# Kaggle Data Science Project Workflow

## General workflow

https://github.com/ShuaiW/how-to-kaggle

1. Divide Forces
    - Determine jobs that each team member will have
2. Data Setup
    - Get the data
    - Store the data
3. Literature Review
    - See how people solved similar problems
4. Establish an Evaluation Framework
    - Determine metrics to use (accuracy, r2, mean_squared_error, area under the ROC curve, etc.)
    - Determine cross validation strategy (Nested Cross Validation seems like a winner)
5. Exploratory Data Analysis
6. Preprocessing
    1. Data cleaning: (fill in missing values, smooth noisy data, identify or remove outliers, resolve inconsistencies)
    2. Data integration: use multiple data sources and join/merge data
    3. Data transformation: normalize, aggregate, and embed (word)
    4. Data reduction: reduce the volume of data but produce the same or similar analytical results (e.g. PCA)
    5. Data discretization: replace numerical attributes with nominal/discrete ones (bin continuous feature for instance)
7. Feature Engineering
    1. Feature selection
        1. Removing features with low variance
        2. Univariate feature selection
        3. Recursive feature elimination
        4. Selecting from model
    2. Feature creation
        1. This is where we create new & novel features. Here are some examples of potential features to create in any given model:
            1. Add zero_count for each row
            2. Separate date into year, month, day, weekday, or weekend, etc.
            3. Add percentile change from feature to feature (or other interactions among features)
8. Model(s) Tuning
    1. Use gridsearch style algorithms to search the hyperparameter space for the best set of parameters
    2. Use something like hyperopt to optimize parameters
    3. Use something like TPOT
9. Ensemble
    1. Combine models to optimize performance

## Classification Problems
1. Exploratory Data Analysis
    1. Target Variable Analysis
        1. Basic distribution
        2. Are the classes imbalanced?
    2. Null Counts/Fraction
        1. Nulls by column
        2. Nulls by row
        3. Nulls by label (by row and/or column)
        4. Determine if there's an obvious value that the Null's represent (i.e. like in the Iowa housing problem where null's had a specific value in the lookup table)
    3. Count of 0s (if it's unclear what a 0 represents)
    4. Univariate analyses
        1. Distributions or value counts for each of the individual variables (if the number of variables is small enough)
        2. Plots of the histograms of the different variables
            1. These can be plotted on log scales if the range of values is too great.
        3. Outlier analysis
            1. Calculate z-scores or robust zscores
    6. Contingency tables 
2. Model Preprocessing
    1. Null value imputation
    2. Categorical variable encoding
    3. Transforms
    4. Etc.
3. Model building
    1. Pipeline

## Keeping track of models

Two possible paths. One with a lot of overhead (which will be used on actual work projects), which separates the tasks into individual files/scripts.

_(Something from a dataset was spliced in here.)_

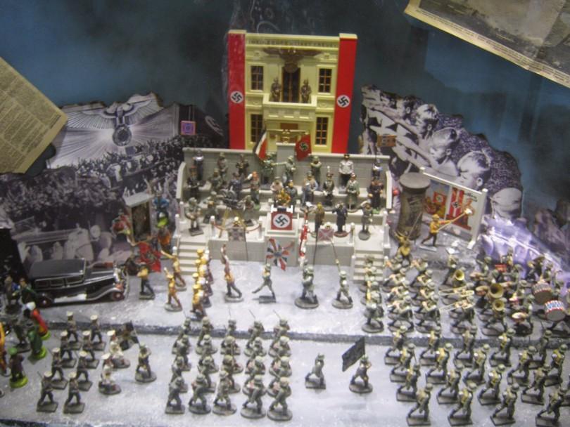 Cam arkasında, 2. Dünya savaşı sırasında çocuklara savaş duygusunu aşılamak için Almanya tarafından tasarlanmış askeri temalı oyuncaklar da sergileniyor.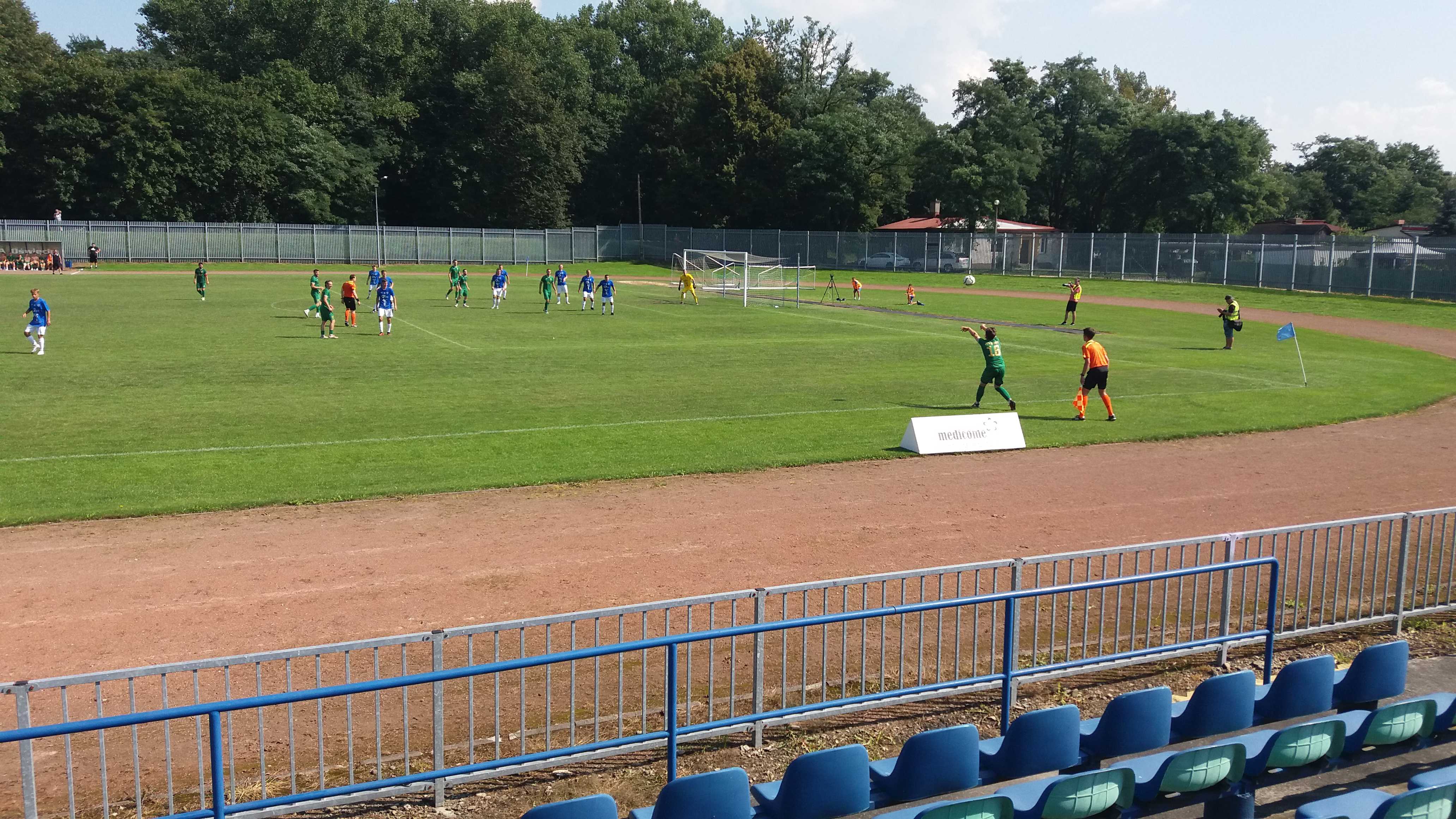 |  | | Rzut z autu dla piłkarzy Lubania - przy okazji widać, jak daleko jest linia boczna od trybuny | |

The second one is to streamline the process a bit for quicker iteration. 

1. First notebook/script gets the data (if anything needs to be downloaded or whatever)
    - Combines external data if needed
    - Takes data from raw data folder & external sources folder, and puts outputs in interim data folder
    
2. Second notebook/series of notebooks (2.0-2.9) does the EDA
    - No file outputs other than charts and visualizations
    - Some feature engineering will occur in this stage, so some of the outputs might be functions to create the features which are applied in the preprocessing/feature engineering step
    
3. (3.0-3.9) does preprocessing/feature engineering. These two tasks are intertwined and should be done simultaneously.
    - Inputs are the files from the interim folder
    - Outputs to the processed data folder
    
4. (4.0-4.9) trains and tunes models
    - Inputs are the processed data files
    - Outputs are:
        - The serialized submissions for the kaggle competition
        - The similarly serialized model pickle files
        - A model summary document (references the training data used, the python source code used, cross-validation score obtained on training data, possibly hyperparameters, etc.)
  
5. (5.0-5.9) combines/ensembles models
    - Inputs are the models
    - Outputs are the same as the previous steps outputs